Work task - Would you transcribe the entries below, beginning at the line with "SANTA CRISTINA D'ARO" and ending after the line with "Όλα τα θεσμικά", exactly, with no picture and nothing more?

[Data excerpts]
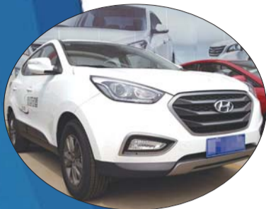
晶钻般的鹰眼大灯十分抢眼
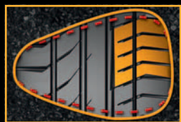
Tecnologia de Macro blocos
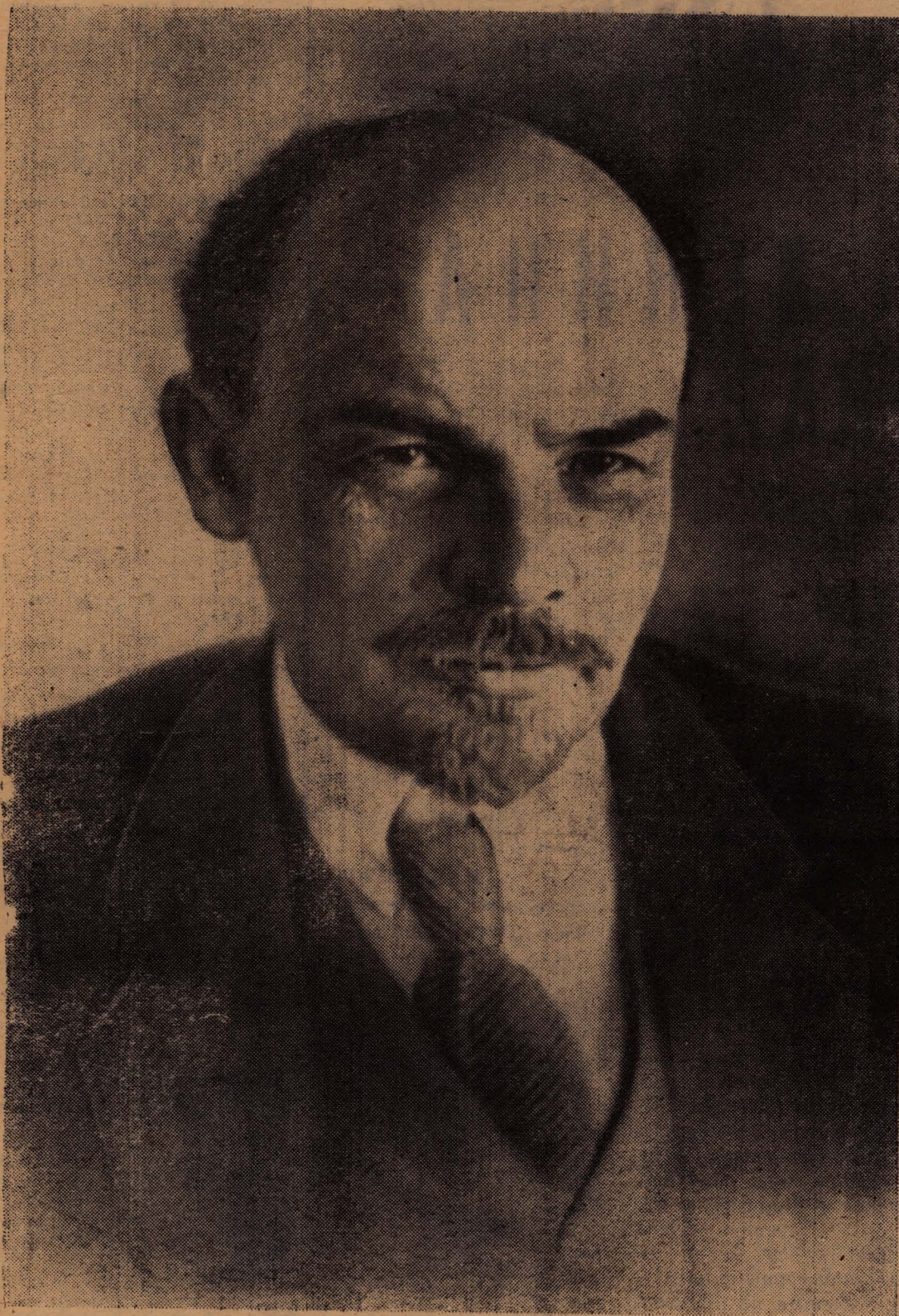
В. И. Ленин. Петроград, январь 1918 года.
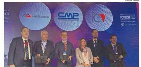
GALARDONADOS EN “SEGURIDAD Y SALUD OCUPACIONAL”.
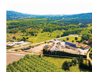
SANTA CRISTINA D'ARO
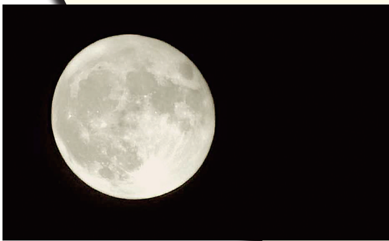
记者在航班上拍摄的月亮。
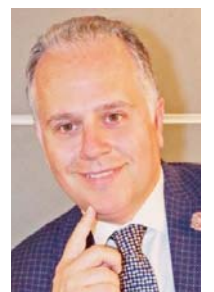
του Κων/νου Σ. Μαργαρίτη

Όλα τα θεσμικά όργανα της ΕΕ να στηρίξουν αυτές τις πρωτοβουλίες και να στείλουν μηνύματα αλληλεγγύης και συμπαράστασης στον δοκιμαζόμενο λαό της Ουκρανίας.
==
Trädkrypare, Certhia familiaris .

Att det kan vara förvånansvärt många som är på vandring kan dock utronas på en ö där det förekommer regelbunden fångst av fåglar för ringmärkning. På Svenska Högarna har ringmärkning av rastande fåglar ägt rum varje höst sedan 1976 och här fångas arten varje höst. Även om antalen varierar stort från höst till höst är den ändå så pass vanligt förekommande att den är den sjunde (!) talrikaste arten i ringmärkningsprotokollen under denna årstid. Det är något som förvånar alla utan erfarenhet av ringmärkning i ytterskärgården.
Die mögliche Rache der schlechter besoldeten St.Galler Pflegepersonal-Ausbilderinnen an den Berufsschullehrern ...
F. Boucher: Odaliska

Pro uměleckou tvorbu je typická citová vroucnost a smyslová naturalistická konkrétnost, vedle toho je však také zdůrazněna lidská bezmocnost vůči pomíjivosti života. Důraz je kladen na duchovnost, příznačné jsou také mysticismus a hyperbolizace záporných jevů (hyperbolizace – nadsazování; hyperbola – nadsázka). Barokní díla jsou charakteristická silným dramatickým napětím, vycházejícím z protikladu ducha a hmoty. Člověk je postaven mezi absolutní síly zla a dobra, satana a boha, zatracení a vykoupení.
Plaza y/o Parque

Task result -
SANTA CRISTINA D'ARO
记者在航班上拍摄的月亮。
του Κων/νου Σ. Μαργαρίτη

Όλα τα θεσμικά όργανα της ΕΕ να στηρίξουν αυτές τις πρωτοβουλίες και να στείλουν μηνύματα αλληλεγγύης και συμπαράστασης στον δοκιμαζόμενο λαό της Ουκρανίας.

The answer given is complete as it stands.